Глаша с Тоней познакомились после замужества. Да как-то незаметно сильно привязалась к соседке. Особенно после того, как Тоня проучила Пузанова. Когда Дарьюшка померла, сама-то Глаша занемогла, а тут еще Пузанов наорал на нее в три горла, а Тоня узнала об этом. Прямо к Пузанову. Тот отцу-то ее дружком был, целился в пай войти по наждачному делу. Встретил Тоню приветливо, чайком пригласил угоститься, хотя и знал, что с отцом она в ссоре. Это ничего. Родные ссорятся, когда-нибудь да помирятся. Тоня свела туго брови, глазами сверкнула и говорит:

- Что ж ты, Пузан несчастный, издеваешься над Гланькой Сериковой? Да я тебе за нее глаза твои бесстыжие выцарапаю!

Пузанов от неожиданности опешил, а потом побагровел, а она баба не из пугливых:

- Я тебя предупредила. Попомни мои слова!

Пузанова чуть родимчик не хватил. Злые языки потом судачили, все косточки Тоне перемыли за то, что против воли отца пошла (вспомнили), и что рыжего хулигана в мужья выбрала, что Пузанова перепугала насмерть. Приплели, что было и чего не было. Тоня только посмеивалась. А Глаша-то знала, какая она добрая и щедрая, если к ней по-хорошему, как она любит своего Михаила, хотя и поругивает его. Но любя же! Об этом сейчас и вспомнила Глаша, придя в себя. Да так хорошо ей стало, что расхрабрилась и спросила:

- Тонь, а на кладбище сходим?

- Так его же на Базарной площади хоронить будут!

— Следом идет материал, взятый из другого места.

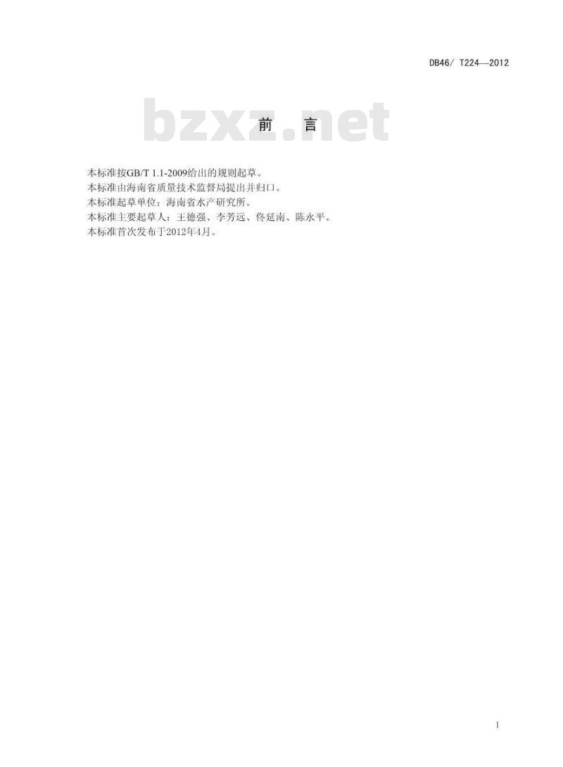 本标准按GB/T1.1-2009给出的规则起草。本标准由海南省质量技术监督局提出并归口。本标准起草单位:海南省水产研究所。本标准主要起草人:王德强、李芳远、延南、陈永平。本标准首次发布于2012年4月。

Прибыли рановато. Еще шло отпевание в церкви. Но народ уже собирался на Базарную площадь - центр Верхнего завода. Здесь стоял памятник Александру II, возле которого и решено было похоронить Николая Горелова.

Стекался на Базарную площадь народ. Кто с истинной скорбью в сердце и таких было большинство, кто из обывательского любопытства. А кто пришел позлорадствовать и поехидничать втихомолку.

Тоня и Глаша, понимая, что народу набьется видимо-невидимо, облюбовали себе место возле углового дома. Здесь, к глухой стене, выходящей на площадь, были привалены бревна, уже почерневшие от времени. Женщины вскарабкались на них, и было им видно отсюда все. И как возле памятника пятеро мужиков закончили рыть могилу и, сложив кайла и лопаты на желтоватую землю привалились к постаменту, дымили самосадом. И как стекались со всех сторон люди - поодиночке и группами, а потом из ворот завода повалила молчаливая толпа рабочих. Невидимые распорядители оттеснили людей от могилы и образовали широкий проход со стороны Каслинского выезда, чтоб пропустить в него похоронную процессию. Наконец издали донеслись звуки духового оркестра.

Народ заволновался, старался протиснуться ближе к могиле, сузить образовавшийся проход.

Но появились красногвардейцы. Они вытянулись цепочкой и сдерживали натиск толпы.

А музыка становилась все слышнее и слышнее. Она одна царила над Верхним Кыштымом.

Вот из-за поворота показалась красная крышка гроба, которую несли на головах два мужика. Потом выплыл гроб, покоившийся на винтовках красногвардейцев. За гробом, поддерживаемая Баланцовым и Дукатом, шла мать Горелова, потом отец, жена, сестра. За ними с обнаженными головами Швейкин и его товарищи, позади колыхался лес винтовок и бердан красногвардейцев. Всю улицу захлестнуло людское море.

Процессия медленно приближалась к могиле. Кто-то рядом с Глашей спросил хриплым голосом:

- Пошто здесь-то хоронят? Рази на могилках местов нет?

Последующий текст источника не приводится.